Application example:

paul@mxg6:~/Desktop$ ./ip-parse.sh   
File contains hostname and ip-address, in that order.  
paul@mxg6:~/Desktop$ cat network-config.txt   
type=static  
ip-address=192.168.0.2  
default-gateway=192.168.0.1  
netmask=255.255.255.0   

If you don't need to check if hostname comes before ip-address, and you want to use variables instead of intermediary files, try this:

#!/bin/bash

xsystemxml="$(sed -n '/\<system\>/,/system\>/p' ~/Desktop/x-test.xml \
| sed -e 's/^[ \t]*//')"

if [ -n "$(echo $xsystemxml | grep ip-address)" ]; then 
    echo "System section contains ip-address."
else
    echo "type=dhcp-client"
    echo "type=dhcp-client" > ~/Desktop/network-config.txt
    exit
fi

ipaddress="$(echo "$xsystemxml" | grep "ip-address" \
| sed 's/<ip-address>//g; s/<\/ip-address>//g')"

defaultgateway="$(echo "$xsystemxml" | grep "default-gateway" \
| sed 's/<default-gateway>//g; s/<\/default-gateway>//g')"

netmask="$(echo "$xsystemxml" | grep "netmask" \
| sed 's/<netmask>//g; s/<\/netmask>//g')"

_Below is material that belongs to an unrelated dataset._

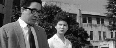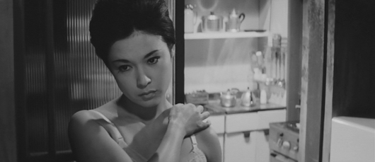 The film is a very well-made and -acted adult drama with a slightly eccentric and whimsical avant-garde jazz score I took to be the work of Toshiro Mayuzumi, but which was actually composed by Sei Ikeno, who did a number of other films for Masumura, including Red Angel. The cinematography by Masumura regular Setsuo Kobayashi (also a favourite of Kon Ichikawa) is first rate, with the widescreen frame used to full advantage and the range of compositions endlessly inventive. Masumura’s characteristically tight editing is also much in evidence, especially during a lengthy and apparently chaotic fight sequence. Indeed, almost all involved are at the top of their game here and in my opinion this is one of Masumura’s best films. Jiro Tamiya and Reiko Fujiwaraare perfect in their roles, while Wakao was so obviously an acting genius by this stage in her career that Masumura entrusts her with delivering the film’s ending through facial expression alone.

echo "type=static" > ~/Desktop/network-config.txt
echo "ip-address=$ipaddress" >> ~/Desktop/network-config.txt
echo "default-gateway=$defaultgateway" >> ~/Desktop/network-config.txt
echo "netmask=$netmask" >> ~/Desktop/network-config.txt
oksage
  • 33
  • @Torin You're right thanks. I'll change that. – oksage Jan 16 '20 at 02:37
  • Hi oksage, thanks for this! This is very close to what I need!!! maybe you can just make a small modification: the check for hostname and ip-address afterwards is not necessary, i only need to check if there is an ip-address at all in this section (and write it the way you have if found/not found). if this could get rid of the extra file being created it would be exactly what i need! meaning if possible i would only like to create a single output file and no "in-between" files in the end i will need to integrate this into a .php file – Questi Jan 16 '20 at 13:37
  • would you happen to know how to do this in php? – Questi Jan 18 '20 at 13:55
  • So if you don't need to check if hostname comes before ip-address (in the section), then a few lines can be removed. And to avoid the intermediary files, use variables instead of the temporary files. I'll add the revised script below the current one. It could probably be done in a simpler way, but I was having trouble with using sed -n '/<ip-address>/,/ip-address>/p' on the variable $xsystemxml ... so I added to $xsystemxml 's command substitution to get the $ipsection, $gatewaysection and $netmasksection variables). Someone could clean this up better than I could, but try it out. – oksage Jan 21 '20 at 00:49
  • I don't know php. – oksage Jan 21 '20 at 01:00
  • I got the $ipaddress variable working with the variable inside the command substitution. I think maybe the reason it wasn't working before was because I was using $xsystemxml when I should have been using "$xsystemxml" . I'll edit the bottom script to remove the 'section' variables and update the ip/gateway/netmask variables. – oksage Jan 21 '20 at 01:44
  • @Questi ... forgot to tag you on the other comments – oksage Jan 21 '20 at 02:16
1

Ok, I found the answer myself...

actually much simpler in php than without it...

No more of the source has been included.